_The data_
= = = =
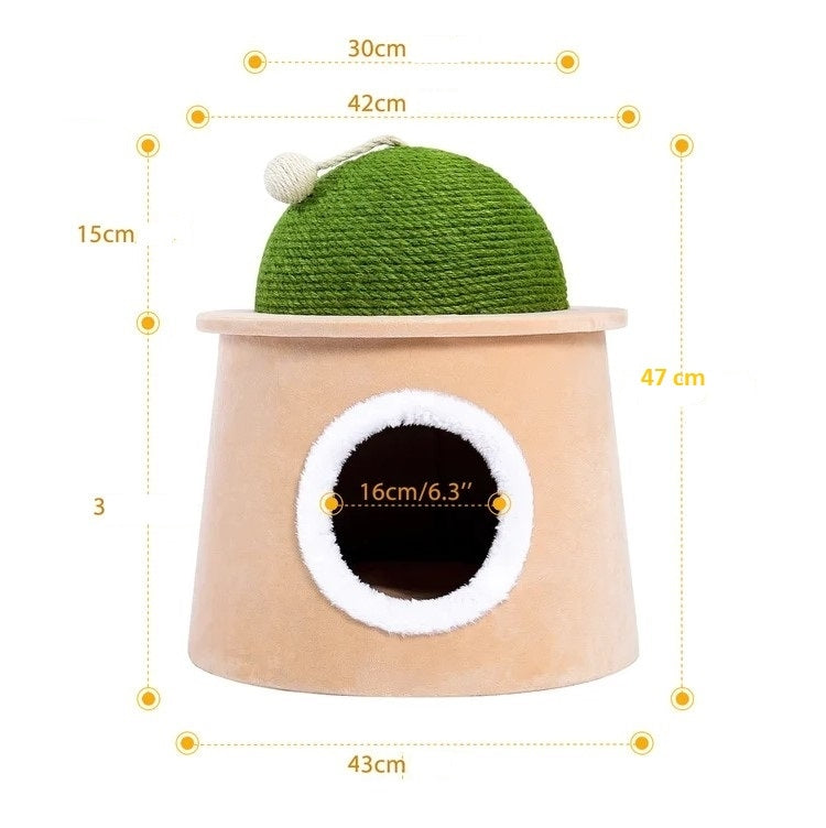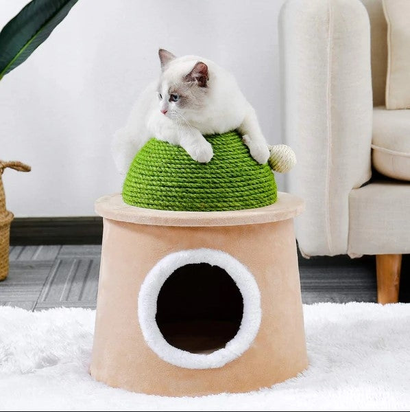 L'ensemble de jeu pour chats possède à la fois une cachette confortable dans la partie inférieure et une partie amovible dans la partie supérieure, enveloppée de sisal, adaptée à l'aiguisage des griffes. La base solide ne permet pas à l'ensemble de se renverser.
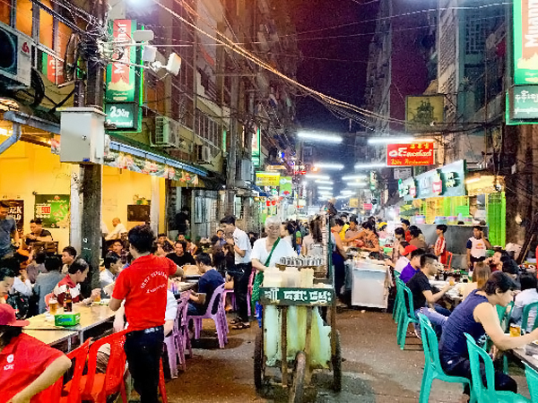 MBLはコロナ禍で販売の落ち込みも見られた。写真はヤンゴンの「バーベキュー・ストリート」=20年2月19日、ヤンゴン(NNA)
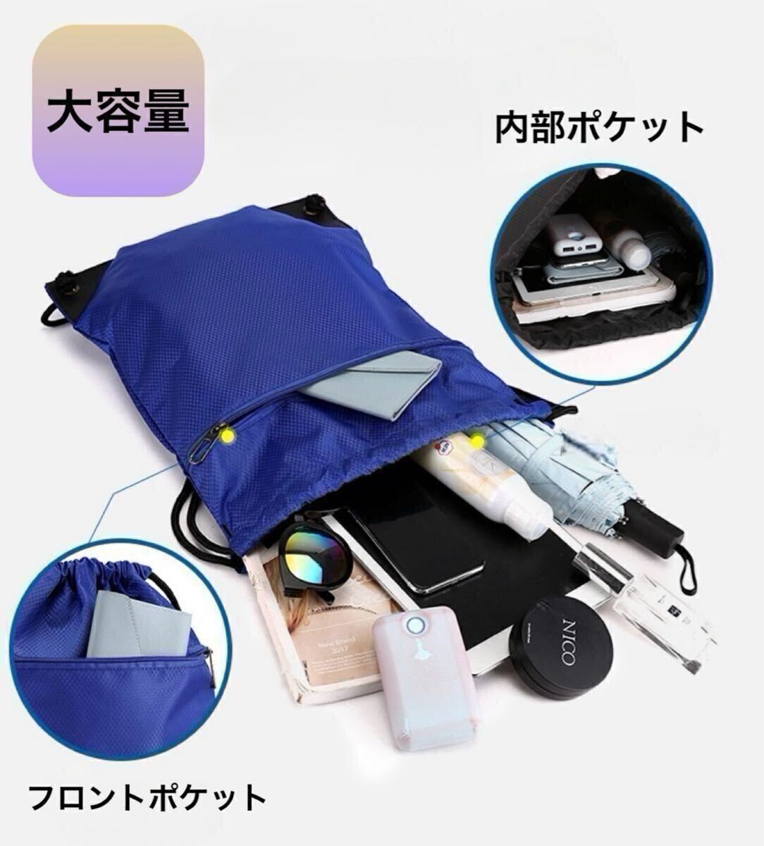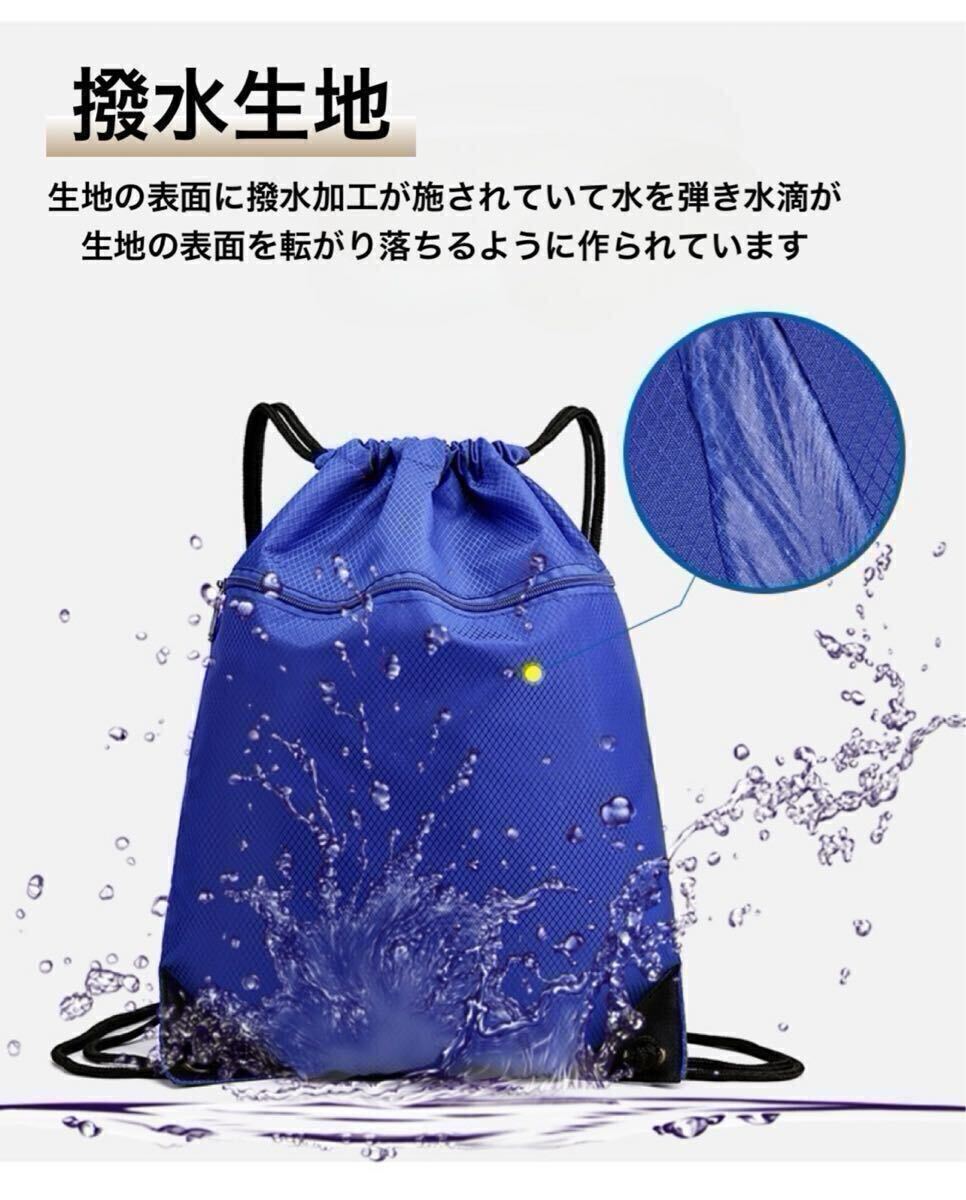 このナップサックは、さまざまなシーンで活躍する防水・撥水機能を持つ巾着バッグです。ジムやプール、旅行など多用途で使える大容量設計が特徴です。オックスフォード布を使用しており耐久性に優れ長期間使用することができます。特に撥水性があるため突然の雨や水しぶきから中身をしっかりと守ることができるのが嬉しいポイントです。
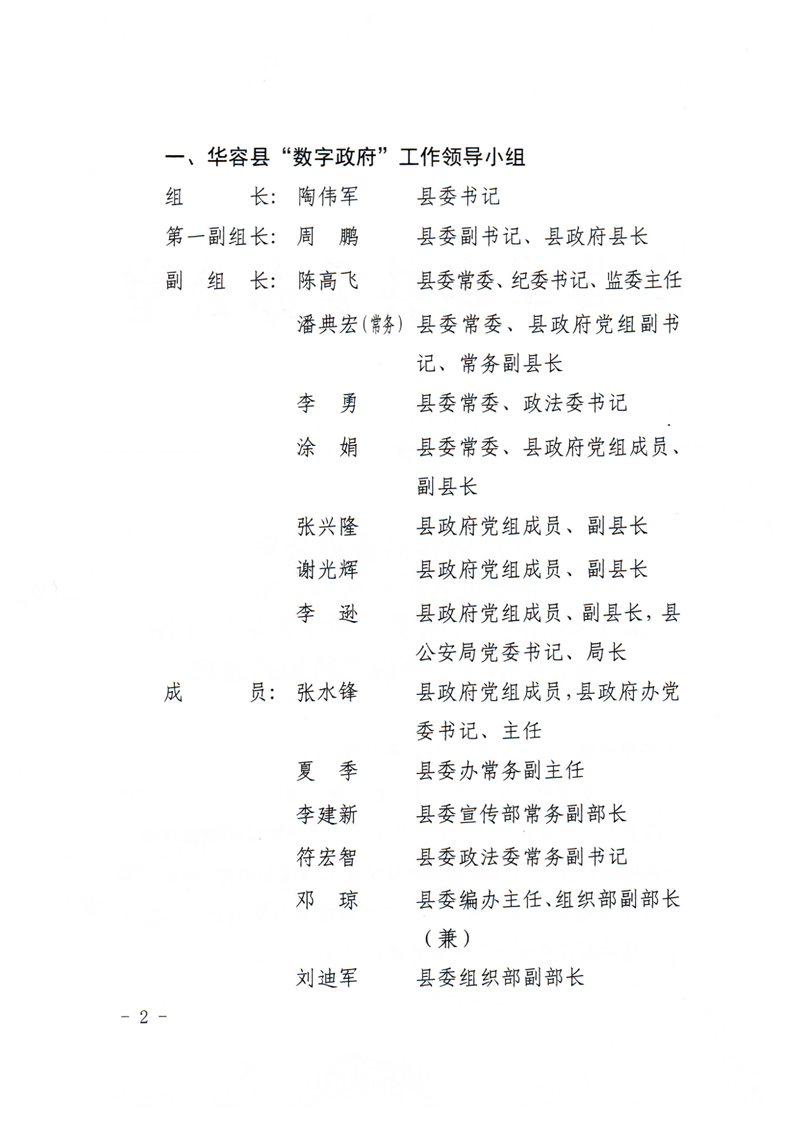 华办〔2022〕15号关于调整成立华容县“数字政府”工作领导小组等议事协调机构的通知
= = = =
_Your goal_
From the listing above, please give again the lines that begin with the line holding "MBLはコロナ禍で販売の落ち" and go on through the line holding "このナップサックは、さまざま", exactly, both ends included, minus any picture.

_Result for this exercise_
 MBLはコロナ禍で販売の落ち込みも見られた。写真はヤンゴンの「バーベキュー・ストリート」=20年2月19日、ヤンゴン(NNA)
 このナップサックは、さまざまなシーンで活躍する防水・撥水機能を持つ巾着バッグです。ジムやプール、旅行など多用途で使える大容量設計が特徴です。オックスフォード布を使用しており耐久性に優れ長期間使用することができます。特に撥水性があるため突然の雨や水しぶきから中身をしっかりと守ることができるのが嬉しいポイントです。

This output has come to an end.